■ Task: An exact transcript is required of the lines below, from the one containing "美的宣布收購庫卡的消息一出,庫卡股價立馬" through the very last; leave every picture out of it.

■ Given information:
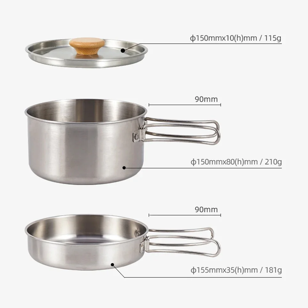 재질: 304 스테인레스 스틸, 나무 손잡이 크기: 냄비: 직경 15cm/5.9in, 높이 8cm/3.2in, 손잡이 9cm/3.5in 팬: 직경 15.5cm/6.1in, 높이 3.5cm/1.4in, 손잡이 9cm3.5in 용량: 냄비 1.4L, 팬 0.7L 무게: 냄비 210g, 팬 181g, 530g 1세트(보관백 포함) 메모: 1 x 냄비
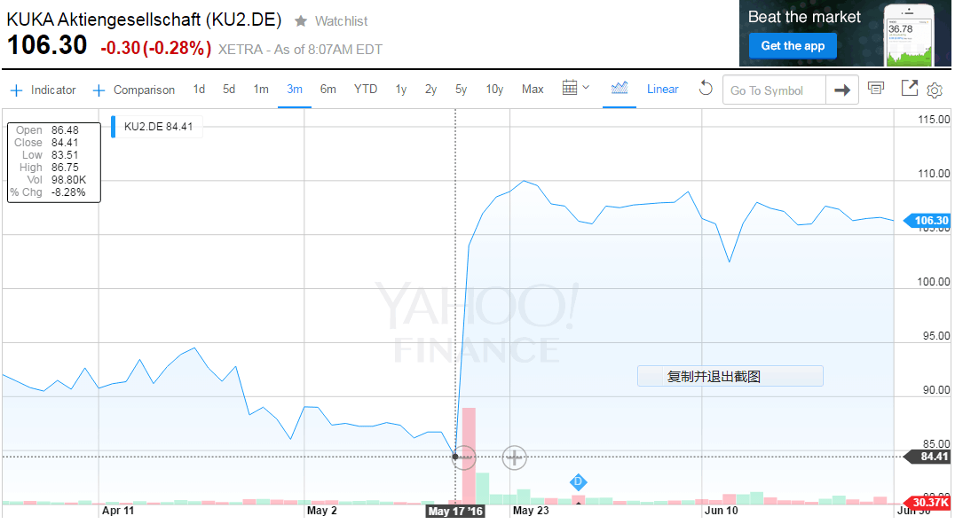 美的宣布收購庫卡的消息一出,庫卡股價立馬飆升34%,達到了驚人的112.7歐元。這一數(shù)據(jù)已經(jīng)基本與美的的收購價持平。
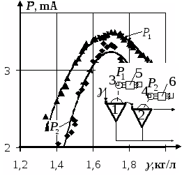 Рис.2. Експериментальні статичні характеристики комплексу магнітної сепарації з перечищенням промпродукту, де: 1, 2 - магнітні сепаратори; 3, 4 - електродвигуни; 5, 6 - вимірювальні перетворювачі активної потужності; P>1>, P>2> - вихідні токові сигнали вимірювальних перетворювачів активної потужності; B - витрата води; g - густина зливу класифікатора.
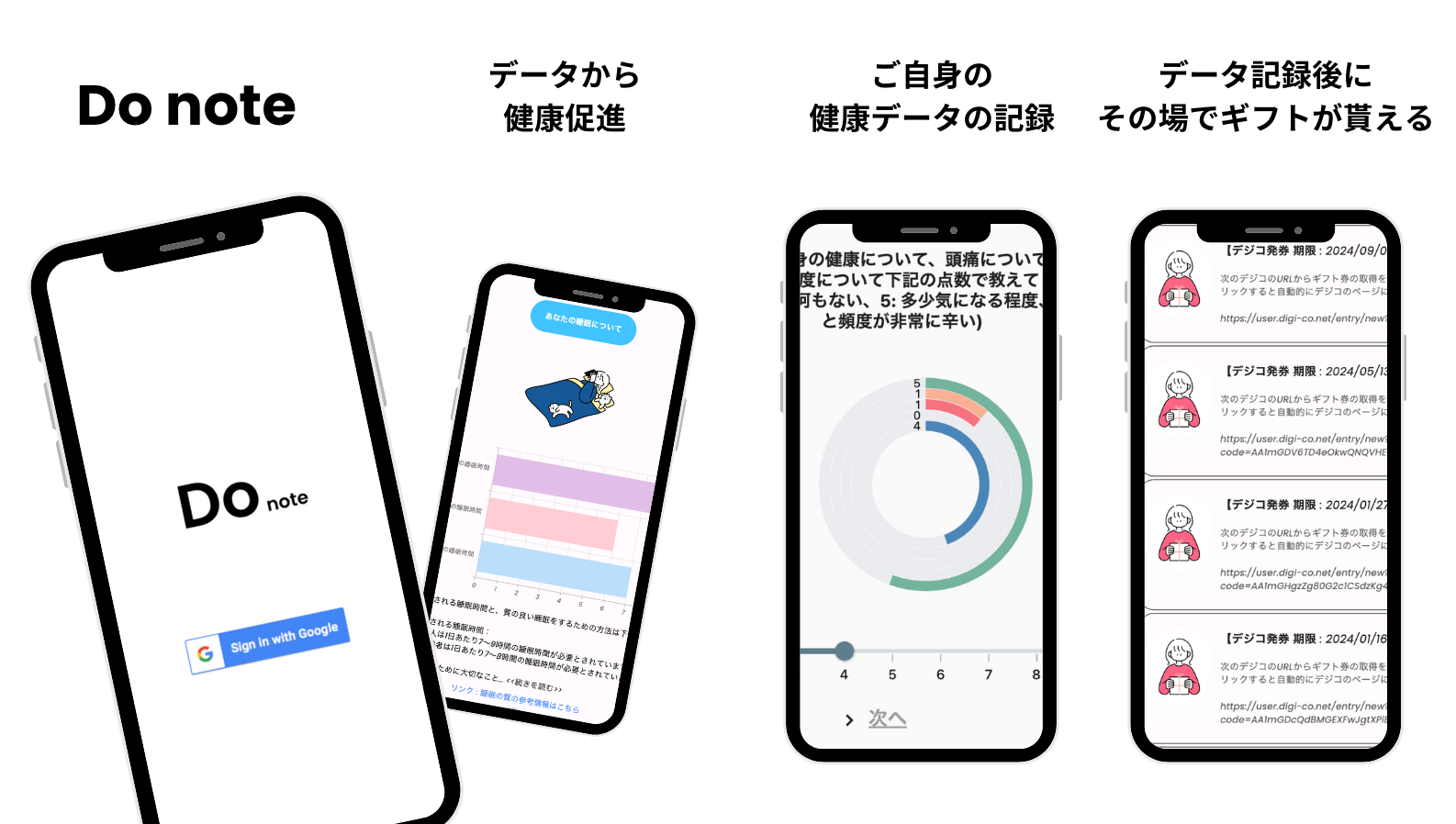 健康データが記録されると、ポイント取得、もしくはリアルタイムでデジタルギフト謝礼をDo note上に配布

■ Written response:
 美的宣布收購庫卡的消息一出,庫卡股價立馬飆升34%,達到了驚人的112.7歐元。這一數(shù)據(jù)已經(jīng)基本與美的的收購價持平。
 Рис.2. Експериментальні статичні характеристики комплексу магнітної сепарації з перечищенням промпродукту, де: 1, 2 - магнітні сепаратори; 3, 4 - електродвигуни; 5, 6 - вимірювальні перетворювачі активної потужності; P>1>, P>2> - вихідні токові сигнали вимірювальних перетворювачів активної потужності; B - витрата води; g - густина зливу класифікатора.
 健康データが記録されると、ポイント取得、もしくはリアルタイムでデジタルギフト謝礼をDo note上に配布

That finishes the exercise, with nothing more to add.